_DATA FOR REVIEW_:
________________
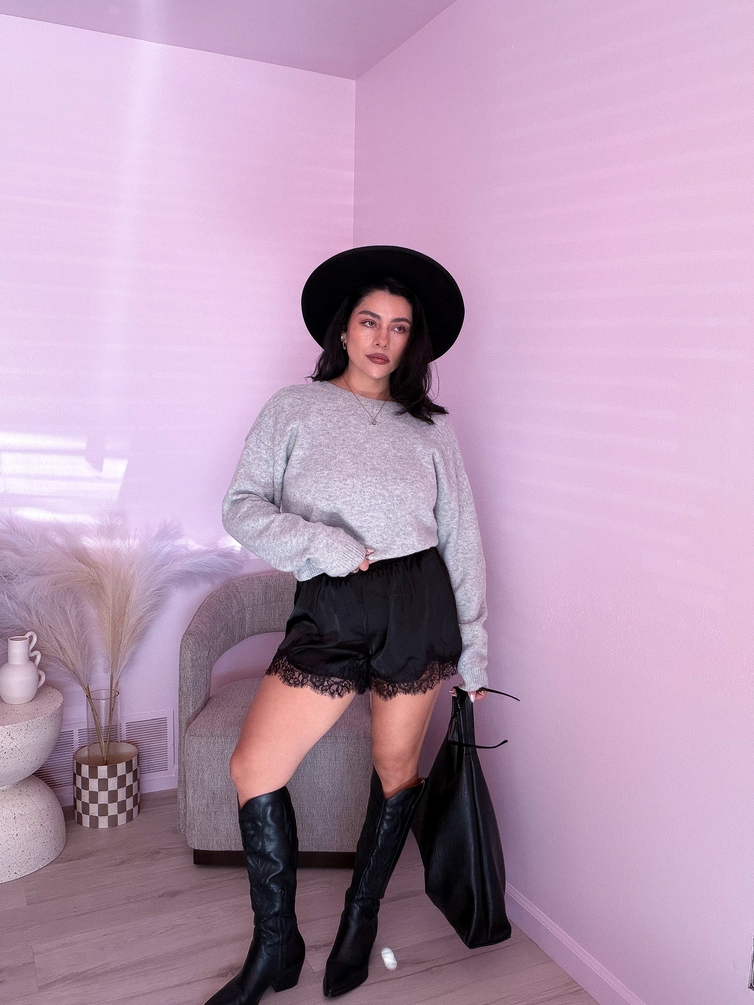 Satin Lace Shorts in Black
________________
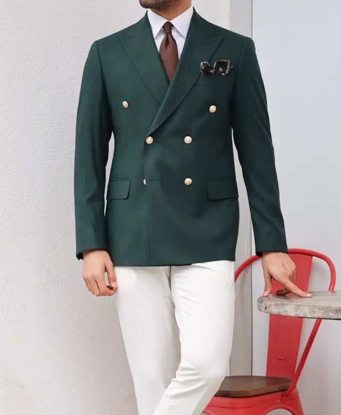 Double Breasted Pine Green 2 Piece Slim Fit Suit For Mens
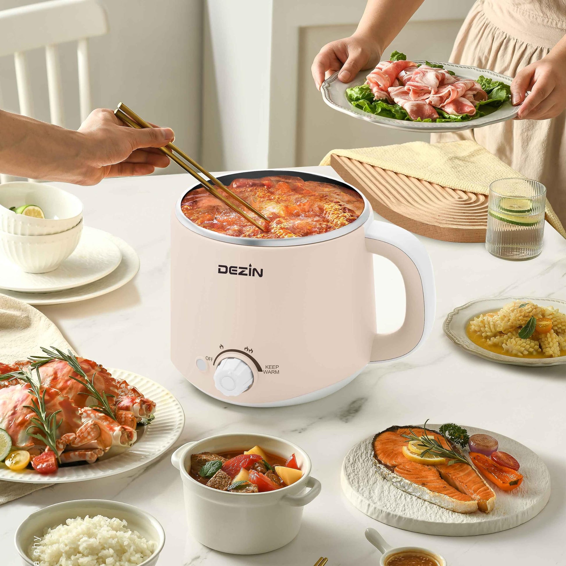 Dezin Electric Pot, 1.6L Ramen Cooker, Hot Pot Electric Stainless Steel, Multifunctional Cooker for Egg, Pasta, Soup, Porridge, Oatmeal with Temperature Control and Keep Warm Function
________________
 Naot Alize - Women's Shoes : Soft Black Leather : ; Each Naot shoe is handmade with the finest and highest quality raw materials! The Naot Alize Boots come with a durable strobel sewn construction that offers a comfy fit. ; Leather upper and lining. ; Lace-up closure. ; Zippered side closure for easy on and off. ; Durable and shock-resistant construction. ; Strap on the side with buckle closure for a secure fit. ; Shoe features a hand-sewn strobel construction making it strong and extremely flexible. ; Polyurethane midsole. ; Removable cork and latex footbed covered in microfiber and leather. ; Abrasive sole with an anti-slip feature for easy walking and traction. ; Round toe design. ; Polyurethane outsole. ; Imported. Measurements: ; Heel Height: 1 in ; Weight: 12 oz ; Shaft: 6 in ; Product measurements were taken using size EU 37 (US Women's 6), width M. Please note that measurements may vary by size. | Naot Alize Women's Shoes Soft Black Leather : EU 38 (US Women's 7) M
________________
_YOUR ASSIGNMENT_: Please output, exactly as written, the lines above from the one holding "Double Breasted Pine" through the one holding "Dezin Electric Pot, 1.6L", both included, with the pictures omitted.

_PROBLEM SOLUTION_:
 Double Breasted Pine Green 2 Piece Slim Fit Suit For Mens
 Dezin Electric Pot, 1.6L Ramen Cooker, Hot Pot Electric Stainless Steel, Multifunctional Cooker for Egg, Pasta, Soup, Porridge, Oatmeal with Temperature Control and Keep Warm Function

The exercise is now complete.